Así, por ejemplo, la movilidad, incluyendo en ella las vías de comunicación, el transporte público y el tráfico vehicular, entre otras cosas, exhibe un catálogo de problemas cuyo resultado más grave es el elevado número de muertes registradas en accidentes de tránsito. A ello hay que agregarle los cientos de miles de horas que, en conjunto, las personas desperdician todos los días al trasladarse en rutas de autobús diseñadas para el beneficio de los concesionarios, no de los usuarios; o al carecer de vías adecuadas, prolongando el traslado en tiempo y distancia, aún disponiendo de vehículo propio; o simplemente al tener que lidiar con conductores que no saben manejar y entorpecen el tráfico de formas increíblemente creativas. Cuenta aparte merece el costo económico, público y privado, de una pavimentación deplorable, que lo mismo muele vehículos que esqueletos.
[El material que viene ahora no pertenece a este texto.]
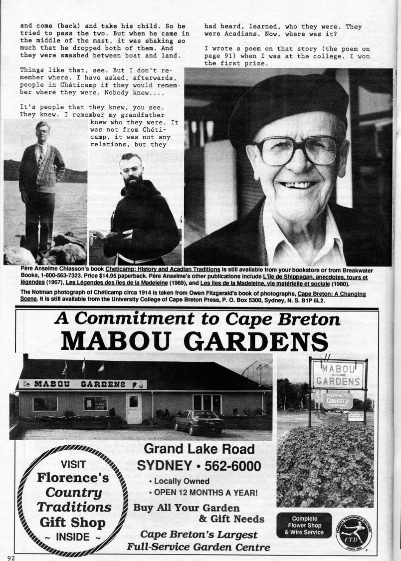 and come (back) and take his child. So he tried to pass the two. But when he came in the middle of the mast, it was shaking so much that he dropped both of them. And they were smashed between boat and land. Things like that, see. But I don't re? member where. I have asked, afterwards, people in Cheticamp if they would remem? ber where they were. Nobody knew.... It's people that they knew, you see. They knew. I remember my grandfather knew who they were. It was not from Cheti? camp, it was not any relations, but they had heard, learned, who they were, were Acadians. Now, where was it? They I wrote a poem on that story (the poem on page 91) when I was at the college. I won the first prize. P6re Anselme Chiasson's book Cheticamp: History and Acadian Traditions is still available from your bookstore or from Breakwater Books, 1-800-563-7323. Price $14.95 paperback. P6re Anselme's other publications Include L'lie de Shippaoan. anecdotes, tours et ''qgntfgS (1967), Les L6aendes des Ties de la IVIadeleine (1969), and Les lies de la Madeleine, vie mat6rielle et socialA (1980). The Notman photograph of Ch6ticamp circa 1914 is taken from Owen Fitzgerald's book of photographs, Cape Breton: A Changing Scene, it is stlll available from the University College of Cape Breton Press, P. O. Box 5300, Sydney, N. S. BIP 6L2. A Commitment to Cape Breton MABOU GARDENS jf' VISIT '- Grand Lake Road SYDNEY. 562-6000 Locally Owned OPEN 12 MONTHS A YEAR! Buy All Your Garden / & Gift Needs Cape Breton*s Largest Full-Service Garden Centre Complete Flower Shop " Wire Service

A esta situación, la ciudadanía colabora entusiasta ignorando cualquier ley que imponga límites a su voluntad en los predios de su propiedad y zonas aledañas. La invasión de banquetas, cuando existen, con rejas, arriates, coches, materiales de construcción, rampas, cabinas telefónicas y otras cosas, de forma tal que se vuelven totalmente inútiles para el peatón estándar, no pensemos en carriolas o sillas de ruedas; la apropiación de terrenos públicos, desde franjas de banquetas, hasta calles enteras, y aún más; el uso sistemático de lugares de estacionamiento prohibidos; la apropiación de banquetas y áreas de estacionamiento público por negocios o particulares; y otras prácticas frecuentes son formas en que algunos individuos obtienen beneficios personales ilegítimos, a costa de deteriorar la calidad de vida de los demás, sin que la autoridad responsable de guardar el orden lo haga.
Los ejemplos de este tipo de abusos sistemáticos y permanentes pueden multiplicarse en áreas tan variadas como lo laboral, lo escolar, el desarrollo urbano, o casi cualquier tipo de servicio público o privado. La característica común es la misma. En función de su poder particular o del colectivo al que pertenece, alguien puede abusar de otros impunemente, dentro o fuera de la ley.
El problema es que las normas imponen límites a todo tipo de personas que, por un lado, no consideran que esa disposición se les deba aplicar y, por otro lado, cuentan con una condición de fuerza que les permite evadirla. Esta lógica es la misma cuando el patrón impone jornadas de doce horas, so pena de despido; cuando la autoridad expide licencias de manejo sin que sea requisito saber conducir; o cuando el ayuntamiento decide no aplicar el reglamento de construcciones; ya que de otra manera los votantes se enojarían y castigarían electoralmente al gobierno. La ilegalidad es pues un caldo de cultivo para la corrupción, en la que, según su tamaño, cada actor social se lleva su parte. Los dueños del dinero, hacerse de más; los gobernantes, seguir siéndolo; y el ciudadano de a pie, pequeñas trampas en el día a día.
Este día a día de pequeños y grandes abusos, en donde, como siempre, son los más desfavorecidos económicamente los que se llevan la peor parte, es uno de los resultados de la despolitización de la sociedad mexicana, especialmente de la renuencia ciudadana a asumir lo que de deber personal también exige la democracia.